We make stable releases of the kernel gateway to PyPI. You can use pip to install the latest version along with its dependencies.

# install from pypi
pip install jupyter_kernel_gateway

Once installed, you can use the jupyter CLI to run the server.

# run it with default options
jupyter kernelgateway

Using jupyter/minimal-kernel

The docker-stacks project defines a minimal-kernel Docker image. The Dockerfile for this image installs the kernel gateway and sets it as the default container command. You can run an instance of this container with the following commands:

docker pull jupyter/minimal-kernel
docker run -it --rm -p 8888:8888 jupyter/minimal-kernel

Using another docker-stacks image

You can add the kernel gateway to any docker-stacks image to get a more feature-filled kernel environment. For example, you could define a Dockerfile like so:

# start from the jupyter image with R, Python, and Scala (Apache Toree) kernels pre-installed
FROM jupyter/all-spark-notebook

# install the kernel gateway
RUN pip install jupyter_kernel_gateway

# run kernel gateway on container start, not notebook server
EXPOSE 8888
CMD ["jupyter", "kernelgateway", "--KernelGatewayApp.ip=0.0.0.0", "--KernelGatewayApp.port=8888"]

You can then build and run it.

docker build -t my/kernel-gateway .
docker run -it --rm -p 8888:8888 my/kernel-gateway

Use Cases

The Jupyter Kernel Gateway makes possible the following novel uses of kernels:

  • Attach a local Jupyter Notebook server to a compute cluster in the cloud running near big data (e.g., interactive gateway to Spark)
  • Enable a new breed of non-notebook web clients to provision and use kernels (e.g., dashboards using jupyter-js-services)
  • Scale kernels independently from clients (e.g., via tmpnb, Binder, or your favorite cluster manager)
  • Create microservices from notebooks via notebook-http mode

The following diagram shows how you might use tmpnb to deploy a pool of kernel gateway instances in Docker containers to support on-demand interactive compute:

Example diagram of tmpnb deployment of kernel gateway instances

For more inspiration, see the jupyter/kernel_gateway_demos.

Features

The Jupyter Kernel Gateway has the following features:

  • jupyter-websocket mode which provides a Jupyter Notebook server-compatible API for requesting kernels and communicating with them using Websockets
  • notebook-http mode which maps HTTP requests to cells in annotated notebooks
  • Option to set a shared authentication token and require it from clients
  • Options to set CORS headers for servicing browser-based clients
  • Option to set a custom base URL (e.g., for running under tmpnb)
  • Option to limit the number kernel instances a gateway server will launch (e.g., to force scaling at the container level)
  • Option to pre-spawn a set number of kernel instances
  • Option to set a default kernel language to use when one is not specified in the request
  • Option to pre-populate kernel memory from a notebook
  • Option to serve annotated notebooks as HTTP endpoints, see notebook-http
  • Option to allow downloading of the notebook source when running notebook-http mode
  • Generation of Swagger specs for notebook-defined API in notebook-http mode
  • A CLI for launching the kernel gateway: jupyter kernelgateway OPTIONS
  • A Python 2.7 and 3.3+ compatible implementation

jupyter-websocket Mode

The KernelGatewayApp.api command line argument defaults to jupyter-websocket. In this mode, the kernel gateway exposes:

  1. a superset of the HTTP API provided by the Jupyter Notebook server, and
  2. the equivalent Websocket API implemented by the Jupyter Notebook server.

HTTP Resources

The HTTP API consists of kernel, session, monitoring, and metadata resources. All of these are documented in a swagger.yaml file.
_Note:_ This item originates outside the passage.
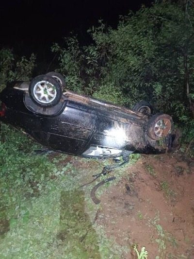 Motorista fica ferido após capotamento de carro na BR-030, em Palmas de Monte Alto

You can use the Swagger UI to interact with a running instance of the kernel gateway by pointing the tool to the /api/swagger.json resource.

Websocket Resources

The /api/kernels/{kernel_id}/channels resource multiplexes the Jupyter kernel messaging protocol over a single Websocket connection.

See the NodeJS and Python client demos for two simple examples of using these resources to send code to kernels for interactive evaluation.

notebook-http Mode

NOTE This mode may one day become a plug-in to the Jupyter Kernel Gateway or split into a separate project. The concepts documented here, however, will survive any move.

The KernelGatewayApp.api command line argument can be set to notebook-http. In this mode, the kernel gateway exposes annotated cells in the KernelGatewayApp.seed_uri notebook as HTTP resources.

To turn a notebook cell into a HTTP handler, you must prefix it with a single line comment. The comment describes the HTTP method and resource, as in the following Python example:

# GET /hello/world
print("hello world")

The annotation above declares the cell contents as the code to execute when the kernel gateway receives a HTTP GET request for the path /hello/world. For other languages, the comment prefix may change, but the rest of the annotation remains the same.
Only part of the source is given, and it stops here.